You can "cast" or type convert the variables to number in many ways to avoid this problem:
var a = "2";
var b = "4";
// a and b are strings!
var sum = Number(a) + Number(b); // Number constructor.
sum = +a + +b; // Unary plus.
sum = parseInt(a, 10) + parseInt(b, 10); // parseInt.
sum = parseFloat(a) + parseFloat(b); // parseFloat.
This is I think a very common mistake, for example when reading user input from form elements, the value property of form controls is string, even if the character sequence that it contain represents a number (as in your example).
The "Bad Part" which I talk, is about the dual functionality of the + operator, overloaded to be used for both, numeric addition and string concatenation.
The operation that the + operator will do is determined completely by the context. Only if the both operands are numbers, the + operator perform addition, otherwise it will convert all of its operands to string and do concatenation.
The single quotes cause the values to be treated as characters instead of numbers. '2' + '4' = '24' in the same way that 'snarf' + 'blam' = 'snarfblam'.
You could also force the interpreter to perform arithmetic when dealing with numbers in string forms by multiplying the string by 1 (since multiplication can't be done on a string, it'll convert to a number if it can):
// fun with Javascript...
alert(first * 1 + second * 1);
But it's probably best to go with CMS's suggestion of using Number() to force the conversion, since someone will probably come along later and optimize the expression by removing the 'apparently unnecessary' multiply-by-one operations.
Related
I am currently creating a site that will help me quickly answer physics questions.

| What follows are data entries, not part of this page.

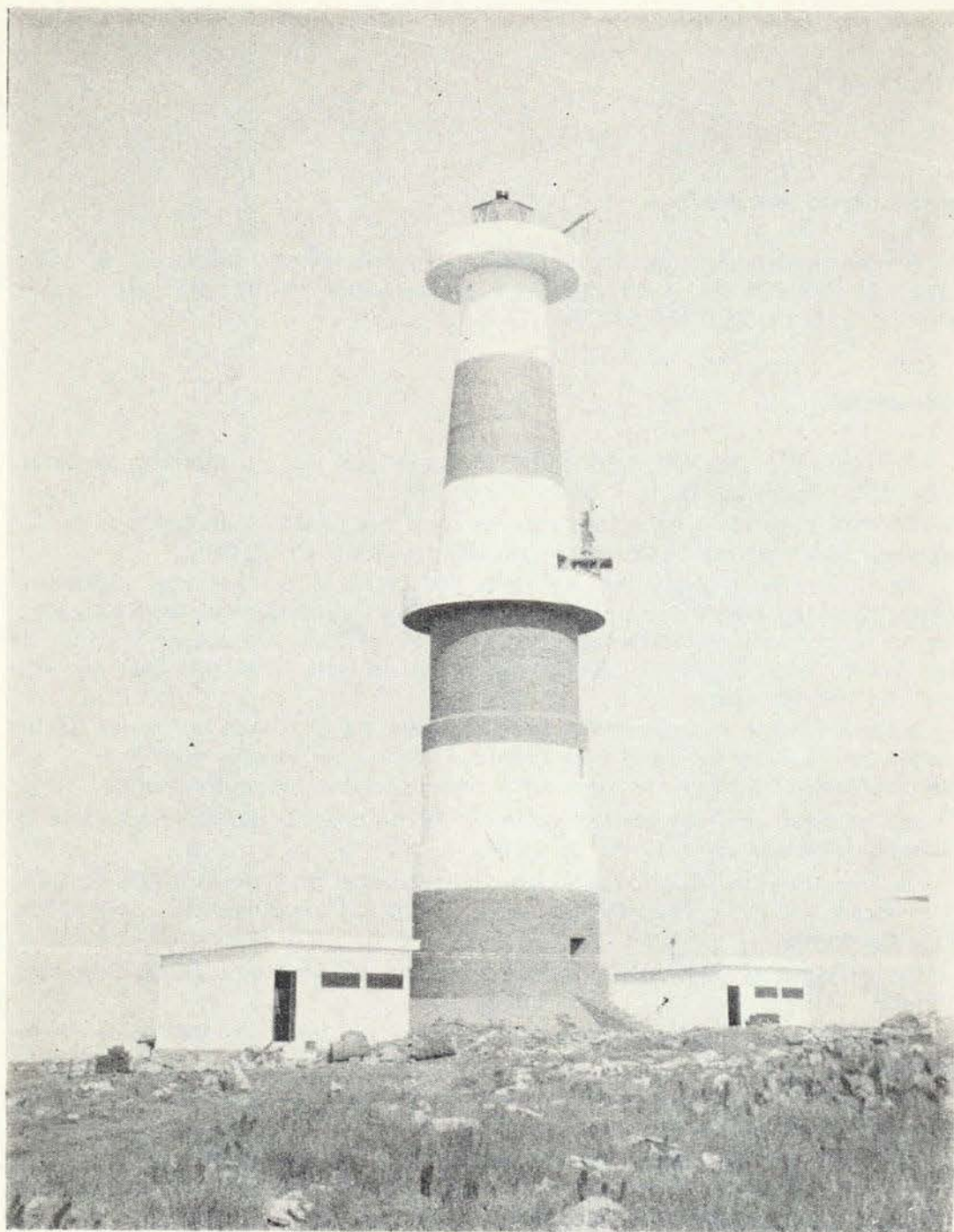
El señalamiento marítimo contribuye a que el tráfico de barcos se realice con la seguridad necesaria, por ello se realiza una permanente labor en el mantenimiento de los faros.
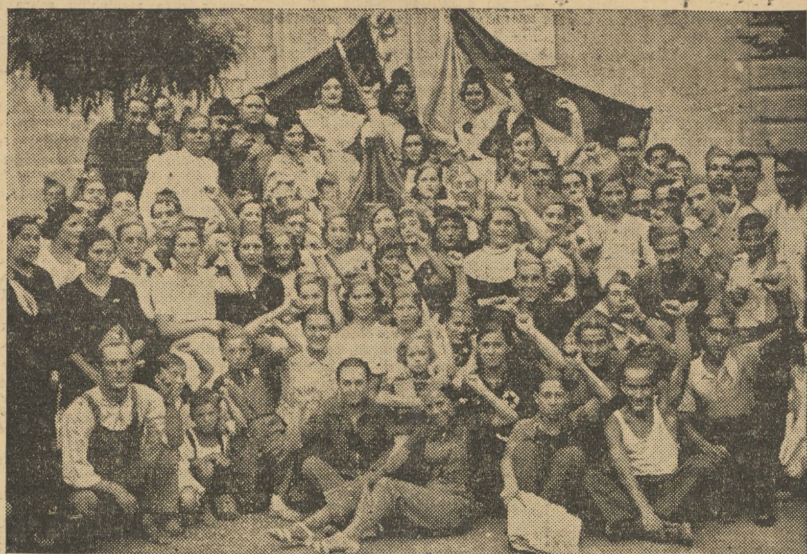
EN LA GUARDERIA OLORIZ SE HA REPARTIDO ENTRE LOS HIJOS DE LOS MILICIANOS, CUYOS PADRES LUCHAN EN LOS DIVERSOS FRENTE, ENORME CANTIDAD DE JUGUETES PRODUCTO DE DONATIVOS DE OTROS NIÑOS

Esta administrativa cree un deber el invitar a todos los compañeros pertenecientes al ramo de la madera y a todos los trabajadores en general, para que hoy, a las cuatro de la tarde, asistáis como un solo hombre a la conducción de sus restos, partiendo del Sindicato de la Madera, plaza de San Andrés, 3. — La administrativa.
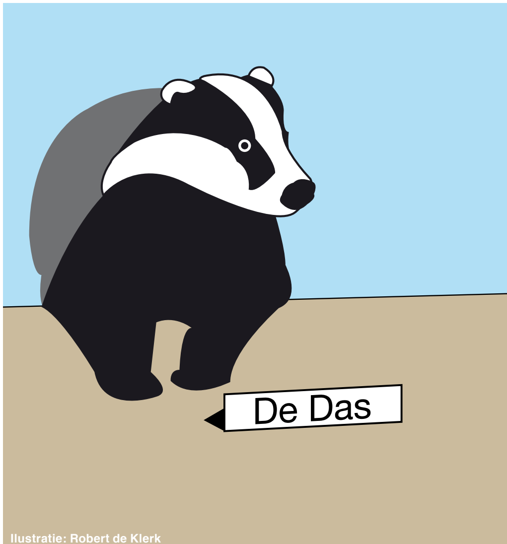
Illustratie: Robert de Klerk
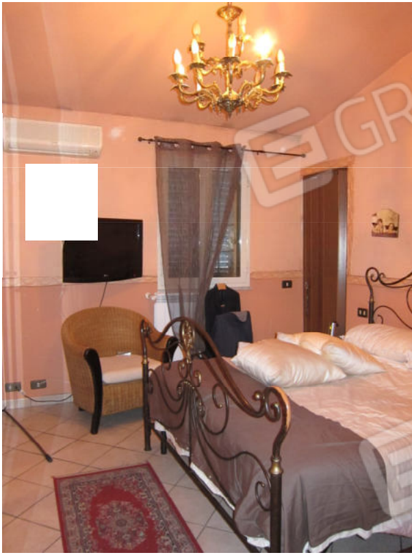
13. Vano 2
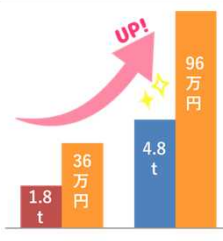
収量向上技術のマニュアル化
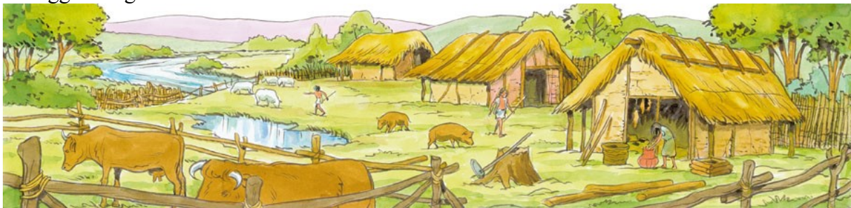
De eerste boeren rond 4000 voor Christus

Rond 1.500 voor Christus was de helft van ons land daarmee bedekt. Ondertussen maakte de mens de overstap van jagen en verzamelen naar de landbouw. Dat betekende dat boeren bomen kaptten om akkertjes, weilanden en hooilanden te maken. Het hout gebruikten ze om boerderijen te bouwen en eten te koken. Ze plantten heggen, hagen en houtwallen aan om veen tegen wild te beschermen. Vanaf de tiende eeuw gingen ze, vaak samen met monniken, dijken aanleggen langs de kust om land te winnen.
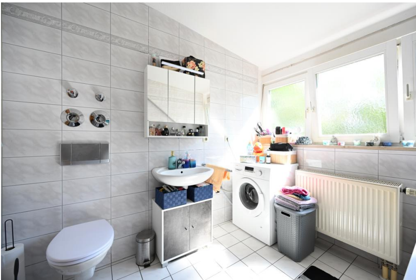
Helles Bad in Volllausstattung
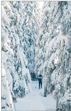
Kilpailija Ahmatuvan maastossa Syötteellä.

Kilpailijoita seurattiin Tracker-gps-paikannuslaitteilla ja heidän sijaintipaik-
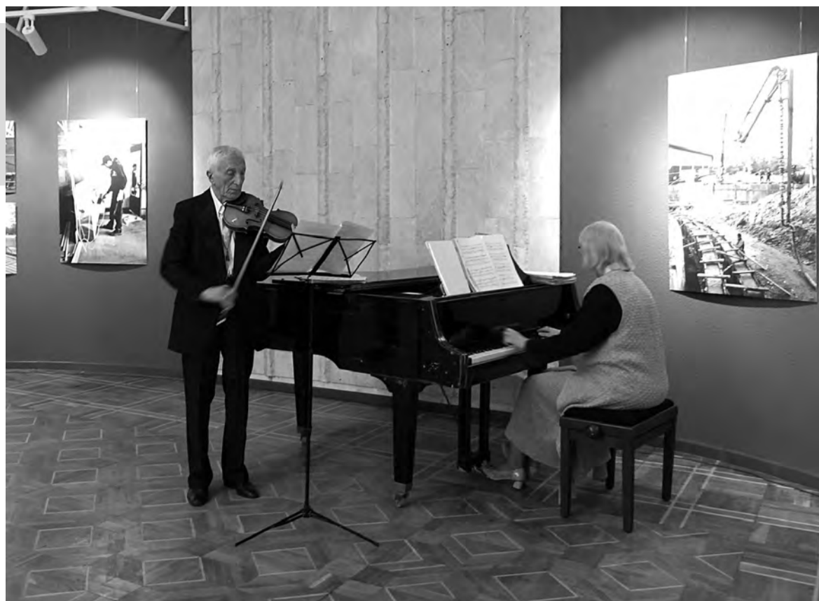
Библиотеки – очаги культуры каждого города

– Ещё одно направление плана «На Севере – жить!» – грантовые конкурсы. В этом году 34 творческих проекта получи-
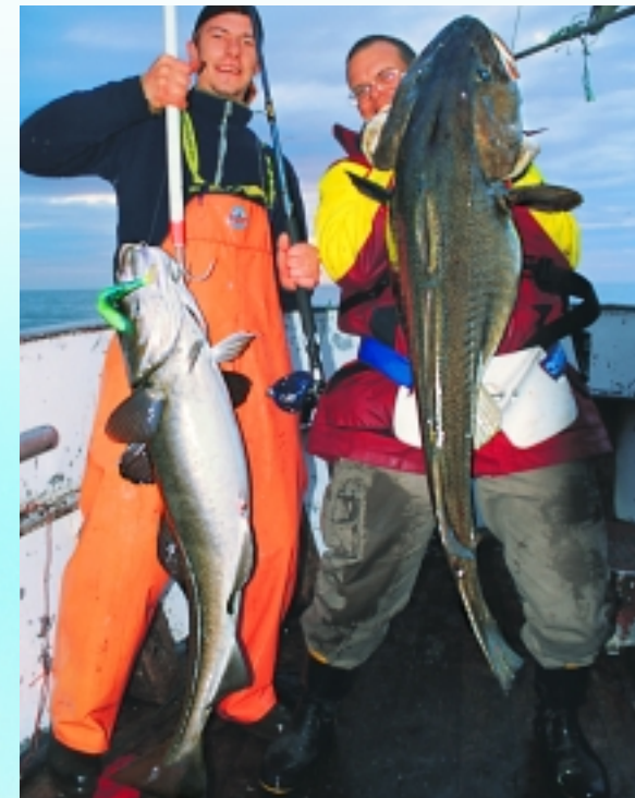
Solche Dorsche hält der hohe Norden für seine Besucher bereit.

nach Möglichkeit die Fahrinne der Fähre, bis man eine etwa 70 m tiefe Rinne erreicht, stellt den Motor ab und fängt an zu pilken.
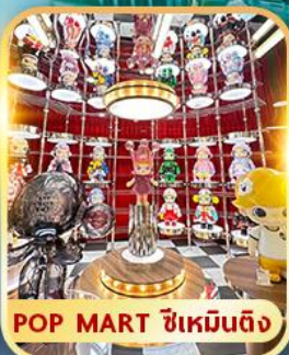
POP MART ซีเหมินติง

As it happens, the code didn't run as expected, here is the code
if (option == "dv") {
var Vinitial = prompt("What is the Velocity Initial?")
var acceleration = prompt("what is the acceleration?")
var time = prompt("what is the time?")
Vfinal = Vinitial + acceleration * time
displayV.innerHTML = "v= vf= " + Vfinal + "ms" + sup1.sup();
}
Now, let's say Vinitial was 9, acceleration was 2, and time was 3.
When the code runs, instead of getting 15 for "Vfinal", I get 96.
I figured out that it multiplies acceleration and time fine, and then just concatenates the 9 at the beginning, with 6 (the product of 2 * 3).
I have fixed it for now by using
Vfinal = acceleration * time - (-Vinitial)
which avoids using the "+" sign, but I don't want to have to keep doing this. How do I fix it?
you are dealing with strings here, and math operations on strings will mess up. Remember when ever you are doing math operations you have to convert the data into actual numbers and then perform the math.
Use parseInt() more Details here
Your code should change to
Vfinal = parseInt(Vinitial,10) + parseInt(acceleration,10) * parseInt(time,10);
Edit 1: If the numbers are decimal values then use parseFloat() instead
So the code would be
Vfinal = parseFloat(Vinitial) + parseFloat(acceleration) * parseFloat(time);
Object-Oriented JavaScript - Second Edition: As you already know, when you use the plus sign with two numbers, this
is the arithmetic addition operation. However, if you use the plus
sign with strings, this is a string concatenation operation, and it
returns the two strings glued together:
var s1 = "web";
var s2 = "site";
s1 + s2; // website
The dual purpose of the + operator is a source of errors. Therefore,
if you intend to concatenate strings, it's always best to make sure
that all of the operands are strings. The same applies for addition;
if you intend to add numbers, make sure the operands are numbers.
You can use "+" operator with prompt() to convert returned values from string to int
var Vinitial = +prompt("What is the Velocity Initial?");
var acceleration = +prompt("what is the acceleration?");
var time = +prompt("what is the time?");
Explanation:
var a = prompt('Enter a digit');
typeof a; // "string"
typeof +a; // "number"
If you will enter non-digit data +a gives you NaN. typeof NaN is "number" too :)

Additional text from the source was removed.